Days 86–90: Decide: Go, Pivot, or Stop

You’ve got data. Now you choose. At this point you should commit, not drag this out another 6 vague months.

Use this simple frame:

Go / Pivot / Stop Decision Signals
DecisionWhen to Choose It
GOStrong usage + clear value + real budget signals
PIVOTClear problem, weak solution fit
STOPWeak problem, weak enthusiasm, no real buyer

GO: Green light to build more

Signals:

  • Users actually changed behavior. They used it consistently without you begging.
  • You hit or came close to your metrics (e.g., 8–10 minutes saved per task).
  • At least one buyer said, “If results hold and you integrate with X, we’d pay.”

Next moves after Day 90 if you GO:

  • Decide if you’re doing this part‑time with a job or committing full‑time.
  • Start exploring technical co‑founders or agencies carefully.
  • Tighten the product scope for a v1 that can be sold to 1–3 paying customers.

PIVOT: Same user/problem, different angle

Signals:

  • Everyone agrees the problem is real and painful…
  • …but your current approach is clunky, too disruptive to workflow, or technically overkill.

Examples:

  • They don’t want a “new app,” but they do want a smart template inside their existing email system.
  • They don’t care about fancy analytics; they just want automated reminders.

Pivot means you keep:

  • Same user
  • Same general pain

But you change:

  • Solution format
  • Entry point (e.g., start as a reporting tool, not workflow automation)

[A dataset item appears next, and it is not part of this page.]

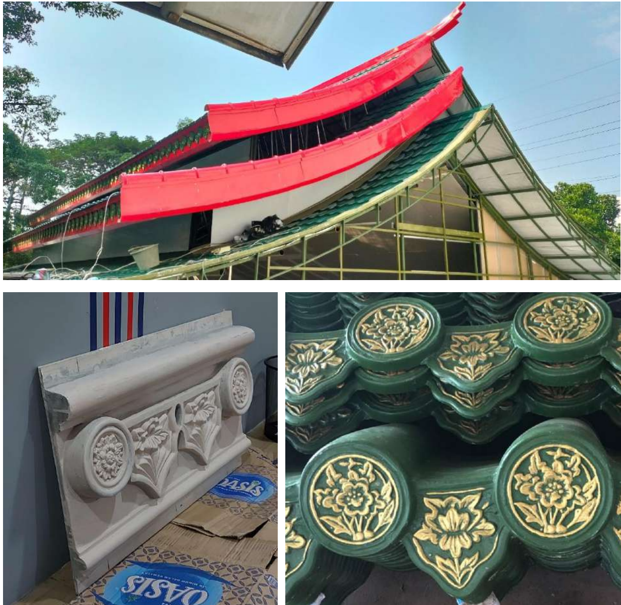
Gambar 16. Listplank dan Detail Ornamen Atap

Give yourself another 60–90 days to test the pivot, not another year.

STOP: Respectfully kill it

Signals:

  • People are polite but uninterested.
  • Real usage never happens, even with you holding their hand.
  • Buyers either have no budget or say, “We get that from our EHR vendor” or “our IT team will handle that.”

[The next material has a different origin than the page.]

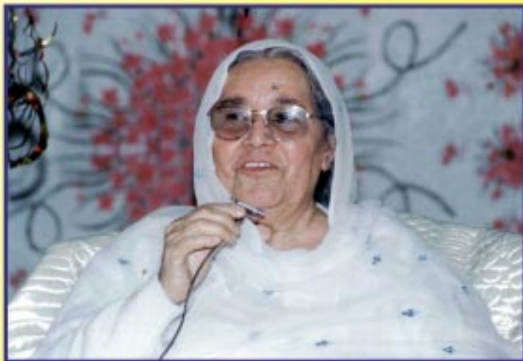
ਸੱਚਖੰਡਵਾਸੀ ਸਤਿਕਾਰਯੋਗ ਸੰਤ ਮਾਤਾ ਜੀ ਬਚਨ ਕਰਦੇ ਹੋਏ-ਇੱਕ ਅਭੁੱਲ ਯਾਦ

ਮਹਾਂਪੁਰਸ਼ ਕਹਿੰਦੇ, ਪੁਰੋਖਿਆਂ! ਫੇਰ ਸਾਹ ਕਿਵੇਂ ਬਲਦਾਂ ਨੂੰ ਦਿਵਾਉਂਦਾ ਸੀ। ਕਹਿੰਦੇ, ਜੀ ਮੈਂ ਗਾਧੀ ਦੇ ਨਾਲ ਗੱਡਾ ਲਾ ਲੈਂਦਾ ਸੀ। ਕਹਿੰਦੇ, ਫੇਰ ਬੜੀ ਖੇਚਲ ਤੈਨੂੰ ਕਰਨੀ ਬਾਅਦ ਇਹ ਕੁੱਤਾ ਇਹਦੀ ਆਵਾਜ਼ ਆਏ ਕੀ। ਹੁਣ ਜਦੋਂ ਉਲਥਾ ਕਰਨਾ ਕਰਨ ਵਾਲੇ ਨੇ ਕੁੱਤੇ ਦਿਤਾ। ਉਹਨੂੰ ਕੀ ਦਾ ਕੁੱਤਾ ਕੀ ਹੁੰਦਾ ਕਿਹਾ ਕਿ dog dog ਸਾਰੀ ਬੋਲਿਆ ਹੀ ਨਾ ਕਿਉਂਕਿ ਉਹਨੂੰ ਗੁਰਮੁਖੀ ਆਵੇ, ਨਾਲ ਪਤਾ ਹੋਵੇ। ਅੰਗ੍ਰੇਜ਼ੀ ਮੈਕੈਡੀਅਮ ਪੜ੍ਹਦੇ ਨੇ ਜਿੱਥੇ ਪੜ੍ਹਾਈ ਜਾਂਦੀ। ਪਰ ਬੋਲੀ ਤੋਂ ਦੂਰ ਚਲੇ
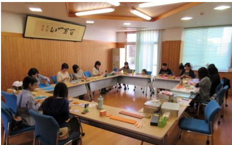
《食券切り分け作業の様子》

通常の花綱会では、卒業生に贈るピカット君のマスコット作りと年2回のエコキャップの集計を行っております。みなさんとおしゃべりしながらの楽しい作業です。ご興味のある方は是非一度のぞきに來られませんか？

Killing an idea is not failure. Dragging a bad idea out for 3 years while your clinical career stalls—that’s failure.

If you stop, document what you learned. The next idea will be 10x better because you now know:

  • Where budget really sits
  • What adoption friction looks like
  • How slow health systems move

pie chart: Go, Pivot, Stop

Outcomes After 90-Day Validation Cycles
CategoryValue
Go25
Pivot35
Stop40

And yes, those ratios are realistic. Most ideas should die early. That’s the point.

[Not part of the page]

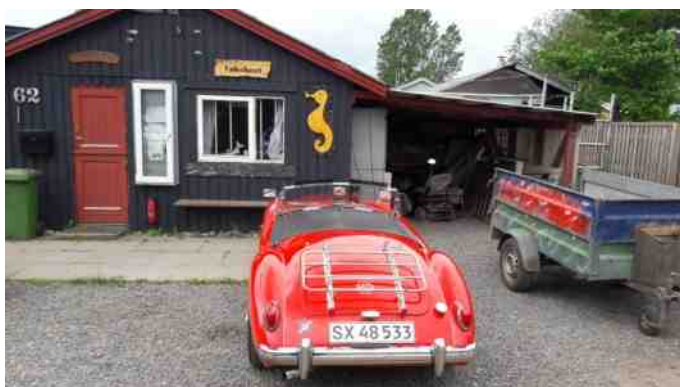
Nogle af Fjordbyens beboere kører selv veteranbiler. Her er det en fin MGA fra 1959.

Tilbage i Fjordbyen blev vi mødt af 3 spøjse herrer, der viste os rundt i den specielle bebyggelse, en oase for beboerne der både var venlige og gæstfrie.
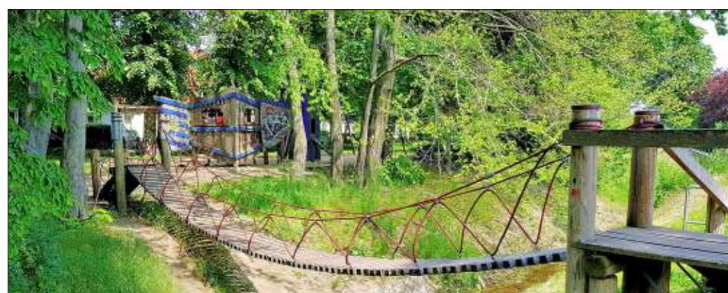
Schrote: Direkt an der Schrote in Stadtfeld-West findet sich diese Hängebrücke.

Quick Reality Check: Time and Energy as a New Attending

You’re post‑residency. Maybe you’re moonlighting, maybe starting a job. You’re not a 22‑year‑old with no responsibilities.

So be strategic:

  • Block 10–15 hours/week for this 90‑day sprint.
  • Use early mornings or one protected day if you can swing it.
  • Batch work: one day for interviews, another for analysis, another for prototype tweaks.

If you can’t protect that time for 3 months, you probably can’t run a startup yet. Harsh, but true.


The 3 Things That Actually Matter in These 90 Days

Keep this front and center:

  1. Talk to ≥30 real users/buyers, not your friends, not LinkedIn randos.
  2. Run at least one concrete, time‑boxed pilot or concierge test with measurable outcomes.
  3. Make a hard go / pivot / stop decision at Day 90, based on numbers, not vibes.

Do that, and you’ll be miles ahead of most “stealth health tech” projects that live forever in someone’s Google Drive and never touch a patient or a clinic.